An automated processing tool for the annual performance evaluation of an MRI scanner.
Nkongchu K. An automated processing tool for the annual performance evaluation of an MRI scanner. Med Phys 2017; 44(6):3081.
Purpose: To implement an automated QC software to evaluate MRI scanner performance via ACR MRI phantom images, B0 homogeneity and its RF coils performances while cutting down on processing time. Methods: This implementation was broken up into 3 sections: (i) ACR phantom, (ii) RF coils, and (iii) B0 inhomogeneity assessments. Implementation of (i), (ii) & (iii) was done in Matlab via functions which aided in object detection/segmentation of the various inserts in the MRI phantom, and segmentation of image background or objects for noise estimation via the Rayleigh or Rice distribution. The B0 homogeneity estimation, was implemented using the phase difference, phase map and the bandwidth methods. The importation of DICOM images is done via a GUI script which accesses the database of the freeware version of KPacs.
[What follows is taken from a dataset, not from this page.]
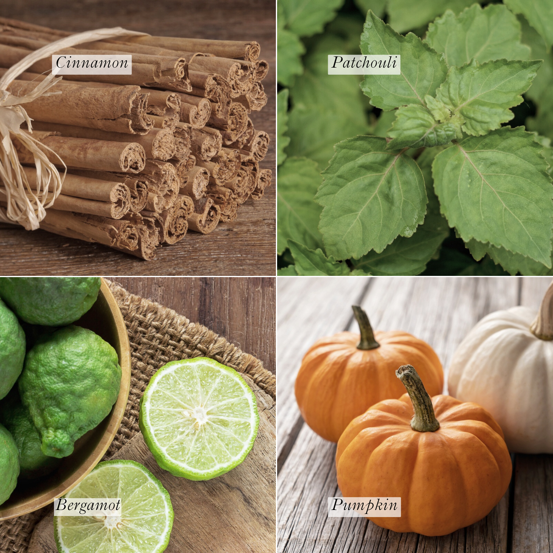 Essentials oils: Cinnamon Leaf Oil, Patchouli Oil, Bergamot Oil, Cedarwood Oil

Results: The completed GUI has tools for the displaying & QCing of the results, allowing the user to detect any faulty measurements which could arise from artifacts. Some of these tools are: visualization of ROIs locations on images for evaluation of the RF coils, QCing of the estimated noise via the histogram plots and/or fits for noise estimation using either the Rayleigh or Rice distribution. Verification of automated results via comparison to the manual processing were in good agreement. The verification of the accuracy of the ROIs positions were done by manual windowing of the images which were visually in good agreement. The GUI/ software has been tested with DICOM data from scanners manufactured by SIEMENS, Philips, GE and Hitachi. Also included are tools which also allow for manual processing of the data. The processing time for a given scanner is about 90 s. Conclusion: This GUI/software does facilitate evaluation of MRI scanner performance using DICOM images by significantly cutting down on the processing time while aiming to maintain consistency in the QC process.